Specific hyperparameters such as the batch size, learning rate, learning rate schedules, and loss schedules were different and empirically determined for the H&E and mIF models. More details are available in **Supplementary Material 2**.

### Evaluation

Domain-specific computational methods were used to evaluate the accuracy of the H&E and mIF virtual stains compared to the real stains on testing slides.

#### H&E

To evaluate the accuracy of the H&E virtual stains, an independent model which has been previously described [36] was used for automatic histologic subtyping, and the similarity of the model’s segmentations on real and virtual stains was evaluated. Briefly, the model was trained on H&E images of LUAD cases from The Cancer Genome Atlas (TCGA) dataset to segment nine histologic features at 10× magnification. The histologic features include six tumor subtypes (acinar, cribriform, lepidic, micropapillary, papillary, solid), leukocyte aggregates, necrosis, and an “other” category comprising features such as normal tissue and stroma.

The tumor subtypes are only applicable to LUAD cases. Therefore, the six tumor subtypes were combined into a single “combined tumor” category for any analysis involving non-LUAD cases (23 LUSC, 3 adenosquamous carcinoma, 1 undetermined). This was considered a reasonable approach even though the model was not specifically trained for non-LUAD cases, given that it was not the accuracy of the histologic subtyping model that was being evaluated, but rather the similarity of the model’s segmentations on real and virtual stains.

Additionally, each tumor subtype is typically considered clinically-relevant only if its presence exceeds a certain threshold [37]. Therefore, an additional analysis for each tumor subtype was performed by limiting to LUAD cases in which that subtype exceeded 5% of the total tumor area (LUAD-5%). This excluded cases with low prevalence and may better represent clinical performance.

Dice scores for the overlap of segmentations on the real and virtual stains were calculated, whereby higher values indicate better performance.

#### mIF

To evaluate the accuracy of the mIF virtual stains, several cell segmentation-based measurements were obtained using automatic image analysis tools developed using Visiopharm software (Visiopharm A/S, Hoersholm, Denmark). Briefly, cells were identified and segmented based on the DAPI stain and tumor regions were identified and segmented based on the PanCK stain. Positive cell expression of PD-L1, CD3, and CD8 was determined based on the average intensity of the respective stain within each segmented cell. **Figure 1B** shows an example of the segmentations.

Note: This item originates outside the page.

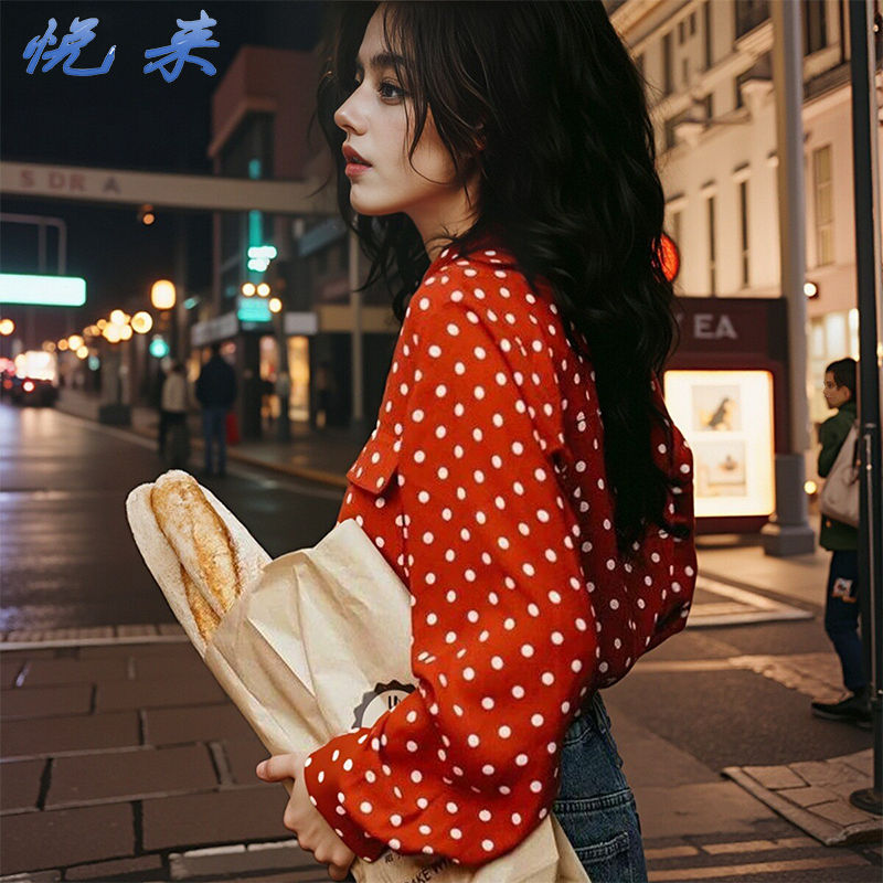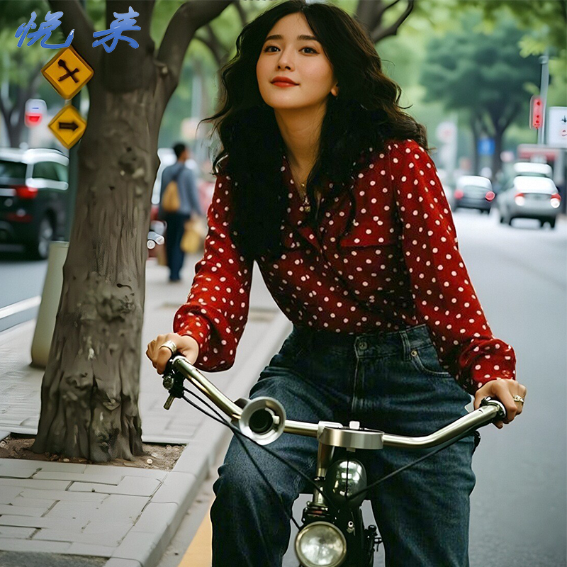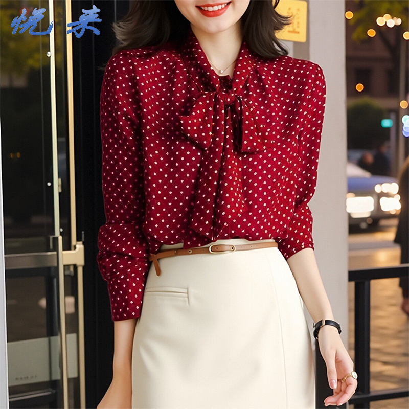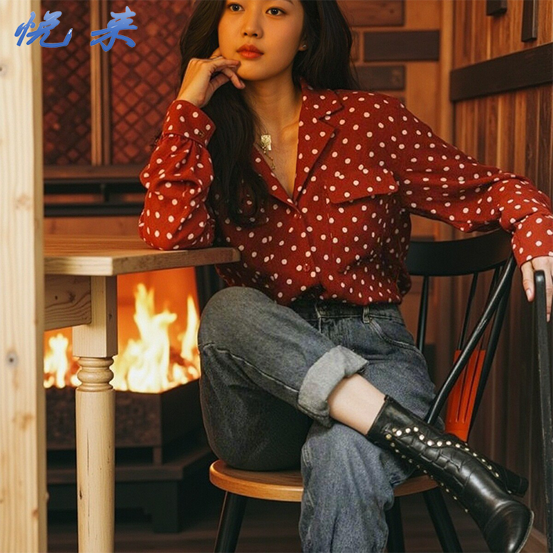 📚 阚清子同款复古港风波点衬衫女2025春秋酒红色长袖衬衣服西装领

Measurements of the positive area, positive cell density, positive cell percentage, and computationally-derived TPS and CPS, were calculated for each stain, where relevant. Specifically, positive area was calculated only for PanCK, while positive cell density and positive cell percentage were calculated only for DAPI, PD-L1, CD3, and CD8. For DAPI, positive cell percentage was not calculated as the calculation is itself a function of the number of cells segmented based on DAPI, and would therefore always be 100%. For PD-L1 only, positive cell percentage was calculated as TPS and CPS to align with clinical terminology and practice. More details are available in the **Supplementary Material 3**.

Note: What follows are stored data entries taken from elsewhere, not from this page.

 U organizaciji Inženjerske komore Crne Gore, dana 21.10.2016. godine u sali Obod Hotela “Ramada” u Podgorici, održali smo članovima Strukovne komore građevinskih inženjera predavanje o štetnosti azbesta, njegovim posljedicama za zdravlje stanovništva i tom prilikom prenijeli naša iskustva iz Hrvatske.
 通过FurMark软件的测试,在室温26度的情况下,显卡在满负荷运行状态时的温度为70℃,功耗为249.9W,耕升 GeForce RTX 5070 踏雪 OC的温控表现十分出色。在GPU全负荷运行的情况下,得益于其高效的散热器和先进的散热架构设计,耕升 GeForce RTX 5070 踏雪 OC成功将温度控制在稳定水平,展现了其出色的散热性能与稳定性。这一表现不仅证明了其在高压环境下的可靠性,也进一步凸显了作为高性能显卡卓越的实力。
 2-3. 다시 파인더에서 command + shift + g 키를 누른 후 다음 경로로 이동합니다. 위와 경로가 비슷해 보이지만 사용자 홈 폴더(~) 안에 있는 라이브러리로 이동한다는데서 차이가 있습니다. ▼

Additionally, a colocalization analysis which can better represent particular cell subsets was also performed. Specifically, CD3 and CD8 colocalization can better represent the subset of cytotoxic T cells, and CD3 and PD-L1 colocalization can better represent the subset of PD-L1 positive T cells.

Analysis was performed according to three different definitions of the region of interest: 

1.  **Tissue:** The entire tissue region, as determined by a tissue detection algorithm. The same region was used on both the real and virtual stains. This analysis was useful to measure the performance on the entire WSI.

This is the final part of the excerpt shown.